I have serached google a bit, but Since Google searches for keywords and also I find it hard to put in a statement for which It can give me useful searches, I am asking it here. So, This is Question of Error Calculation in Ratios
So, Let's say we have to calculate some ratio for precise calculations and terms being involved in the ratio be x and y. Accordingly, $$ Ratio = \frac{x}{y}$$
While calculating , some error was noticed, that can be expressed as $ \Delta x$ and $\Delta y$ respectively for error in measuring Numerator and Denominator values.
Now we need to find the error change in ratio and % Error Change in Ratio. So, the problem can be broken down into these subproblems :
- When Only Numerator changes by $\Delta x $ that is $ Ratio = \frac {x+\Delta x}{y}$
- When Only Denominator changes by $\Delta y$ that is $ Ratio = \frac {x}{y+\Delta y}$
- When both Numerator & Denominator changes simultaneously by $\Delta x$ and $\Delta y$ respectively that is $ Ratio = \frac {x+\Delta x}{y+\Delta y}$
Consider both increase and decrease scenario for the calculation.
Best Answer
Let $r=\frac xy$. Then, $$dr = \frac{ydx-xdy}{y^2}$$
This is the error change in $r$, given the values $x,y$ and the error changes (with +ve sign for increase and -ve sign for decrease) in both of them.

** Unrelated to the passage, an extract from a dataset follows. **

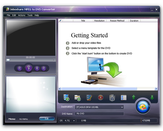 Joboshare MPEG to DVD Converter - программа для создания полноценных видео DVD проектов с прожигом (записью) на DVD носитель. С ее помощью можно легко преобразовать и записывать все популярные видео MPEG файлы, такие как MPEG-1, MPEG-2, MPEG-4, MP4, M2V, MP4, MPG , DAT, VOB на DVD для воспроизведения на домашнем проигрывателе DVD. Вы можете записать ваш DVD, указав битрейд, фреймрейд, кодировку NTSC или PAL, настроить соотношение картинки 4:3 или 16:9, создать меню и субтитры из нескольких десятков блестящих шаблонов для DVD меню, установить фоновую музыку и изображения.

The maximum fractional error is simply:
$$\frac{dr}{r}=\frac{\frac{ydx-xdy}{y^2}}{\frac xy}=\frac{ydx-xdy}{xy}$$
Can you proceed now?
EDIT: For case 1, denominator does not change. So in that case $dy=0$. Similarly, in case 2, numerator does not change. So in that case $dx=0$.
Example problem: if $x=5\pm0.05$ and $y=6$, what would you expect $dr$ and $dr/r$ to be?
Here, $x = 5, y = 6$. Also, $y$ is exactly known, so $dy=0$ but $dx=0.05\neq0$. Now you can put and solve.